While reading Lee's Introduction to Smooth Manifolds' proof of proposition 16.8, I encountered the following general statement about manifolds
(Suppose $(U,\phi)$ is a chart from a $n-$manifold with, or without boundary)
In fact, by restricting to sufficiently nice charts, we may assume that $U$ is precompact, $Y=\phi(U)$ is a domain of integration in $\mathbb{R}^n$ or $\mathbb{H}^n$, and $\phi$ extends to a diffeomorfism from $\bar U$ to $\bar Y$.
Where a domain of integration is a bounded set whose topological boundary in $\mathbb{R}^n$ has measure zero.
I certainly understand the first assumption, since smooth manifolds are localy compact, however, I don't understand why the image of each of those domains should be a domain of integration, nor why the coordinate charts can be extended to the closure the way it is asserted.
Any help will be appreciated, thanks in advance.

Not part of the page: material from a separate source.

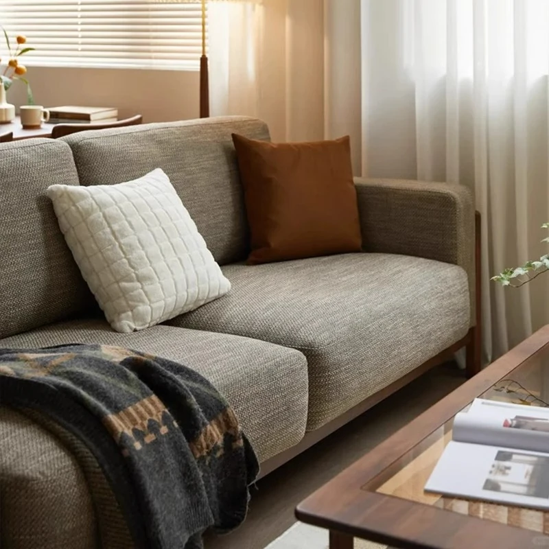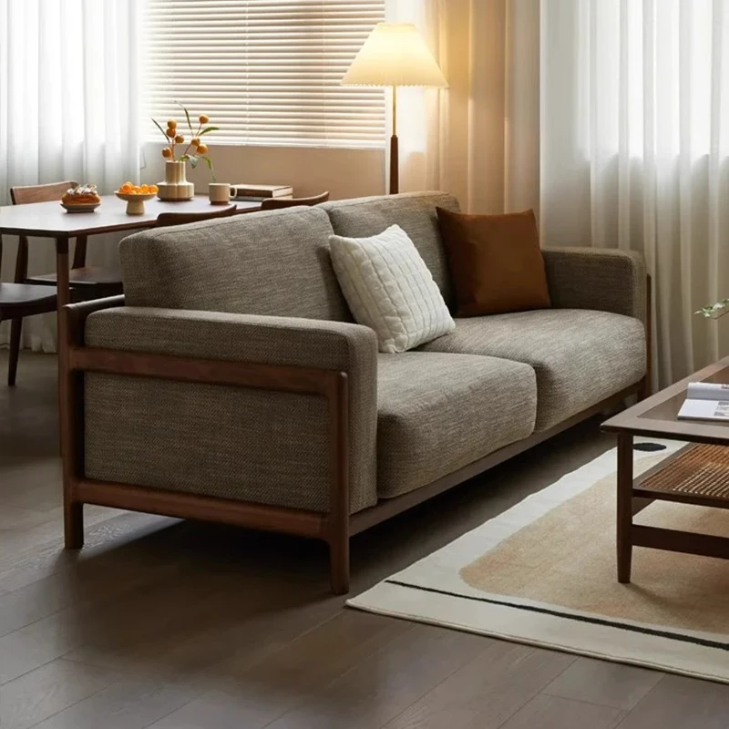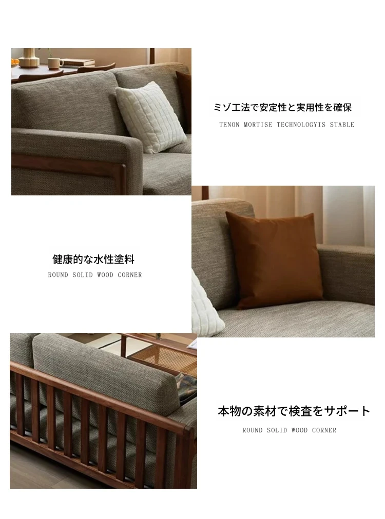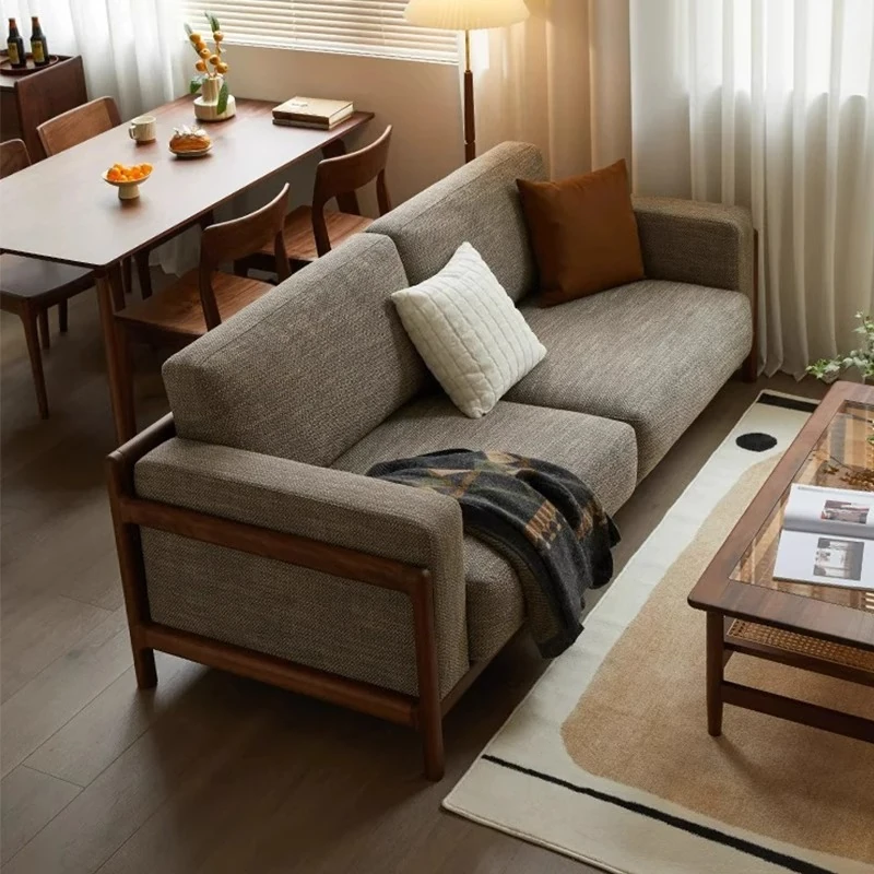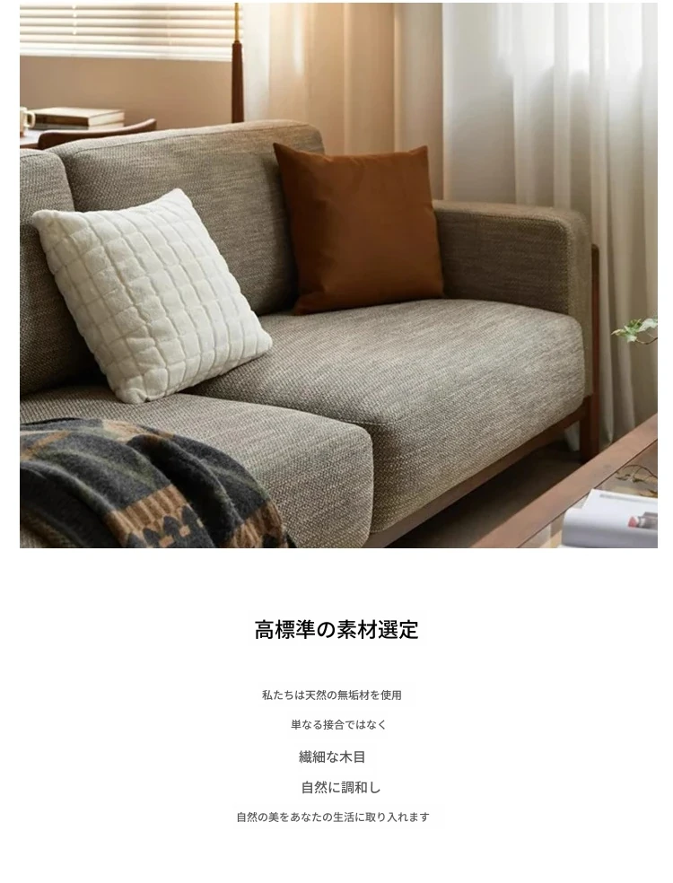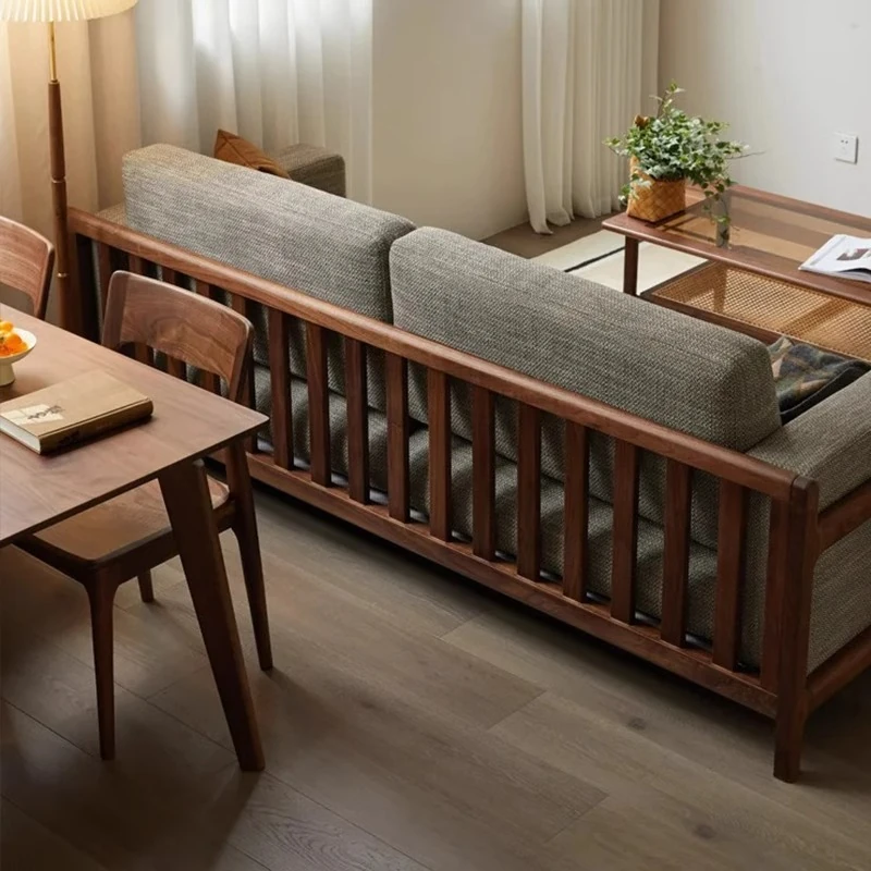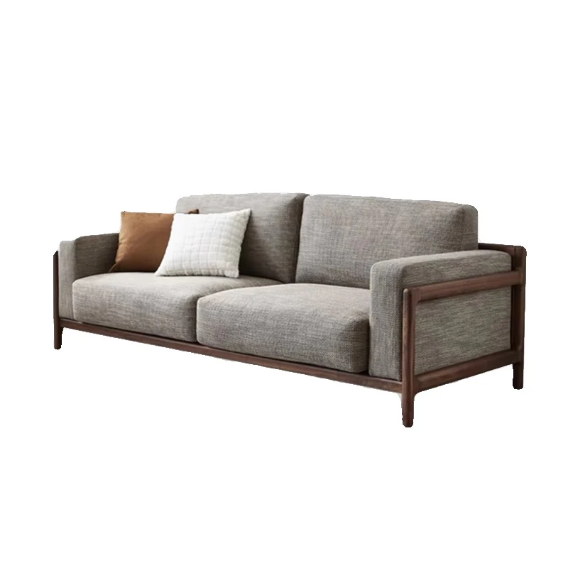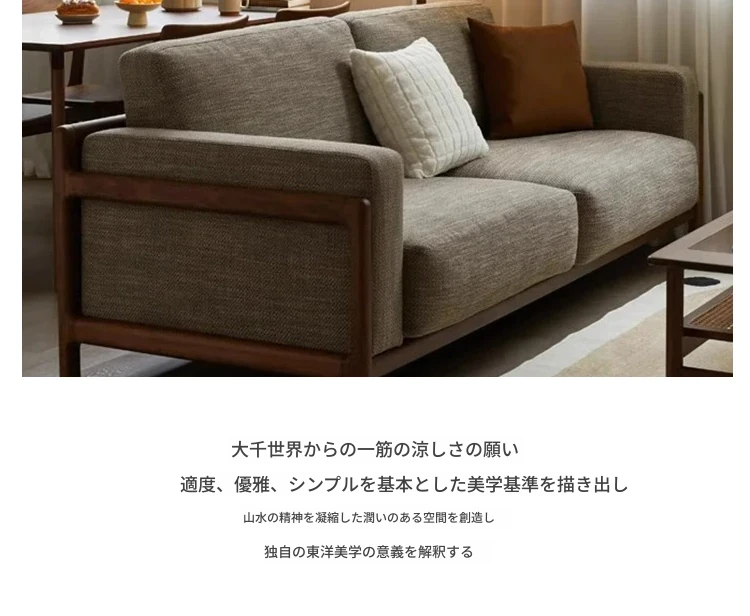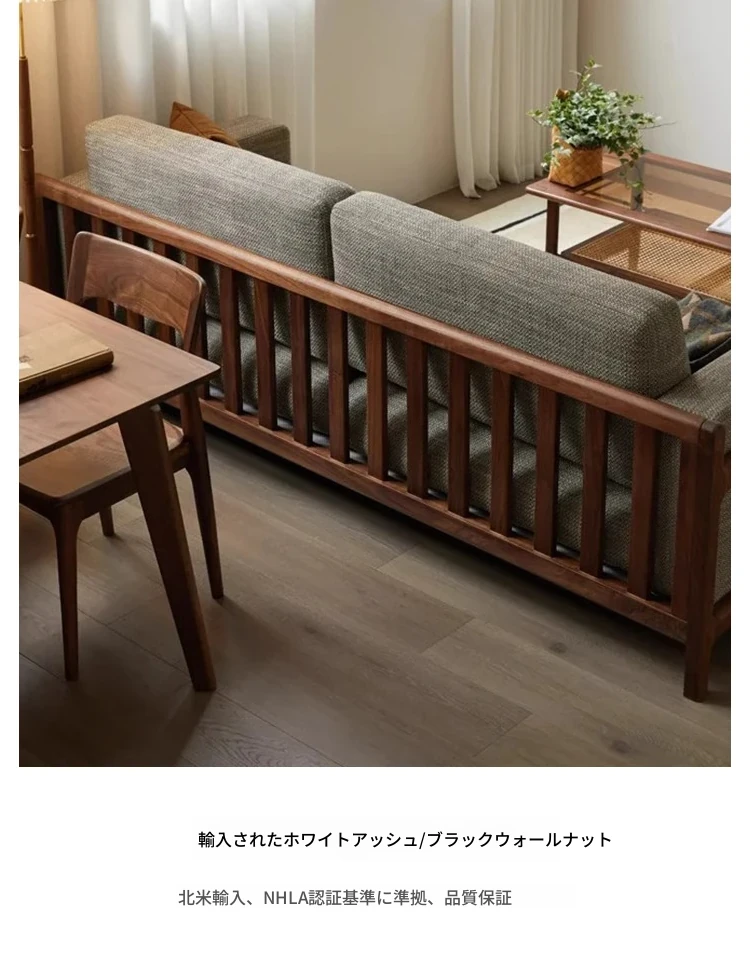 2025年最新デザイン!現代風の天然木製ソファ - 新中式の禅の美学、ウォールナット&ホワイトアッシュの生地使用。ホテルや民宿、オフィスにぴったりの高級家具。心地よい空間を演出します!

Fix a point $p$ in the interior of your manifold and choose a chart $(U,\phi)$ containing $p$. Now choose an open ball $B$ containing $\phi(p)$ whose closure is contained in $\phi(U)$, and let $V=\phi^{-1}(B)$. Then $(V,\phi|_V)$ is a chart containing $p$ whose image $B$ is a domain of integration, and this chart extends to a diffeomorphism $\phi^{-1}(\overline{B})\to\overline{B}$ between the closures which are compact.
For boundary points you can do the same thing, but with a half-ball instead of a ball.